Город Женева в те дни—«Город Плачевный» — ад (Inf., III, 1: per me siva malle città dolente).[389] Кальвин — палач, в каком застенке — Божеском или диавольском — этого он, может быть, и сам иногда не знает.
Выкачан весь кислород из воздуха, и люди медленно задыхаются в нем, как в «пробковой комнате». Надо углубиться во все мелочи жизни, чтобы понять, как задыхаются.
Стоя у церковной кафедры, с которой Кальвин проповедует, сыщики наблюдают, как люди слушают проповедь. Двое схвачены за то, что усмехнулись, когда кто-то, заснув, упал со скамьи, а двое других — за то, что нюхали табак. Кто-то посажен в тюрьму за то, что сказал: «Церковь, слава Богу, не вся еще за пазушкой у мэтра Кальвина! (Il ne faut pas croire que 1'Eglise soit pendue à la ceinture de Maître Calvin!)».[390] Схвачен Робер токарь за то, что говорил: «Первородный грех — не от Адама и не от диавола, а от самого человека».[391]
Старую женщину едва не сожгли, как ведьму, за то, что она слишком долго и пристально глядела на Кальвина: «Как бы не сглазила». А молодую — присудили к вечному изгнанию за то, что она сказала, выходя из церкви: «Будет с нас и того, что Иисус Христос проповедовал!»[392]
Кто-то сказал во время сильной грозы: «Ладно, греми, греми, а мы все-таки в поле пойдем, и ничего нам не будет!»
За это сначала хотели его обезглавить, а потом, наказав плетьми, изгнали.[393]

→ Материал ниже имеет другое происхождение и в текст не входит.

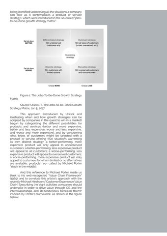 Figure 1: The Jobs-To-Be-Done Growth Strategy Matrix Source: Ulwick, T., The Jobs-to-be-Done Growth Strategy Matrix, Jan 5, 2017 This approach (introduced by Ulwick and illustrating when and how growth strategies can be adopted by companies in the quest to win in a market) began by categorizing the different possibilities for products and services (better and more expensive, better and less expensive, worse and less expensive, and worse and more expensive), and by considering what types of customers might be targeted with a product or service offering (five situations warranting its own distinct strategy: a better-performing, more expensive product will only appeal to underserved customers; a better-performing, less expensive product will appeal to all customers; a worse-performing, less expensive product will appeal to overserved customers; a worse-performing, more expensive product will only appeal to customers for whom limited or no alternatives are available; products so- called by Michael Porter “stuck in the middle). And this reference to Michael Porter made us think to his well-recognized “Value Chain Framework” (1985), and to correlate this article’s approach with the recently Michael Hinshaw’s “Customer Experience Value Chain” (describing the eight activities companies should undertake in order to drive value through CX, and the interrelationships and dependencies between them)5 inspired by Porter’s framework, as shown in the figure below: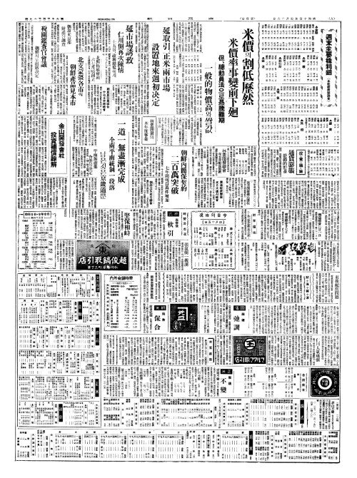 - 米價(미가)의割低歷然(할저역연) 米價率事變前下廻(미가률사변전하회)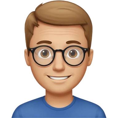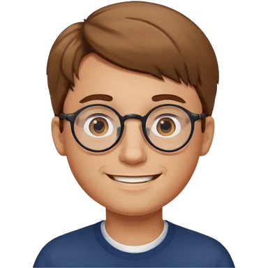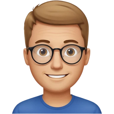 homme cheveux court marron clair sans barbe sourrir avec lunettes rondes emoji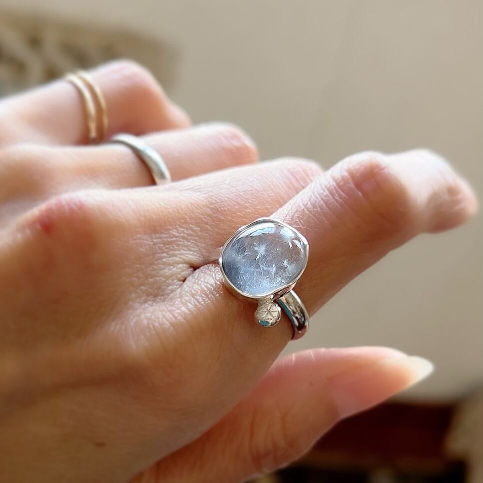 白い星が瞬く美しい夜空のようなデュモルチェライトインクォーツを、シンプルなリングに仕立てました。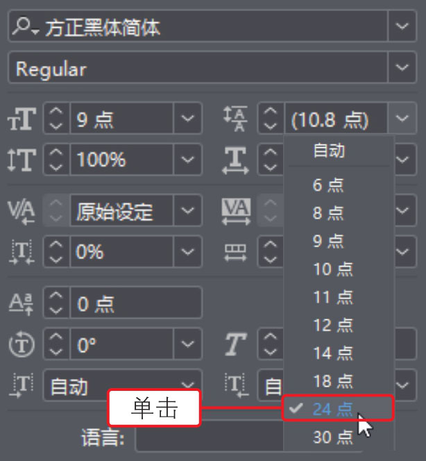 单击“字符”面板中的“字体大小”右侧的下拉按钮

Двое детей, съевших на церковной паперти, во время проповеди, «сладких пирожков на два флорина», высечены розгами, а маленький мальчик, ударивший мать свою, казнен смертью.[394] Людей хватали за лишнее блюдо, кроме двух, разрешенных по закону, — мяса и овощей; за чтение Амадиса Галльского; за модные туфли с разрезами и дутые на плечах и локтях рукава; за слишком искусное плетение женских волос, которым «Бог поруган в высшей степени» (grandement offensé); за один косой взгляд на француза-изгнанника; за катанье на коньках, за то, что люди плясали или только смотрели, как другие пляшут;[395] за то, что пахарь в поле обругал ленивых волов своих «рогатыми», что значит «диаволы», хотя сам Кальвин говорил с церковной кафедры людям: «Вы хуже скотов!»[396]
Кажется, еще немного, и людей хватали бы за то, что дышат не так, как угодно Кальвину. Этот больной, в чьих жилах течет не красная, теплая кровь, а ледяная, зеленая вода Леты, — самодержавный владыка жизни и смерти тысяч людей.

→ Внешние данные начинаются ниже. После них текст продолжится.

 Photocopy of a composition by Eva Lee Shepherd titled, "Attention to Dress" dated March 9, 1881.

«Лучше с диаволом в аду, чем с Кальвином в раю!» — шептали в ужасе люди.[397] «Если не будет в нас радости земной, то мы не войдем и в Царство Небесное». — «Дал ли бы Господь такое благоухание цветам, если бы не желал, чтобы мы ими наслаждались?» — учит Кальвин.[398] Но все цветы земли вянут от одного взгляда «Черного Француза», и со всей плотью мира происходит то же, что с неисцелимо больной Иделеттой.
«Люди должны смеяться вовсю» («qu'on rie à pleine bouche»), — учит Кальвин.[399] Но слишком болезненная чувствительность его не выносит громкого смеха. Люди могут веселиться, смеяться, но так, чтобы не разбудить в темном углу их тюрьмы неземного, нежного Чудовища, исполинского Крестового Паука.

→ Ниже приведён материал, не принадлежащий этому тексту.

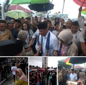 Antusias masyarakat dalam penjemputan walaupun di guyur hujan tidak mengurangi semangat mereka untuk melihat langsung kedatangan Bupati Oskar Manoppo dan Argo Sumaiku yang sangat di cintai masyarakat Boltim.

Вся Женева, как тюремная больница, и робкое веселье в ней, как больничная пища. Это дозволенное до какой-то черты веселье больных невыносимо для здоровых: лучше совсем не улыбаться, чем смеяться не вовсю. «Сверхъестественная Фурия», госпожа Ами Перрен, которая пляшет, смеется вовсю, — ближе к Брачному Пиру — Царству Божию, чем жалобно улыбающийся, смертельно больной Кальвин.
За восемь дней до смерти он велит перенести себя в большую столовую, где собираются к нему на ужин все женевские проповедники.
«Братья, это моя последняя трапеза с вами, — скажет он со слезами на глазах и будет стараться из последних сил развеселить гостей, а потом, велев унести себя, скажет: — Между нами будет стена, но она не помешает мне быть соединенным с вами в радости! (Je viens vous voir pour la dernière fois, car hors ce coup je n'entrerai jamais à table… Vue paroi entre deux n'empêchera point que je sois conjoint d'esprit avec vous)».[400]
Кальвин, благословляющий плоть мира, — умирающий на пиру жизни больной; всех живых, здоровых, пирующих заражает он своей смертельной болезнью. А эта, весь мир от него отделяющая «стена», есть тайна Предопределения — «ужасный Приговор» (Decretum horribile).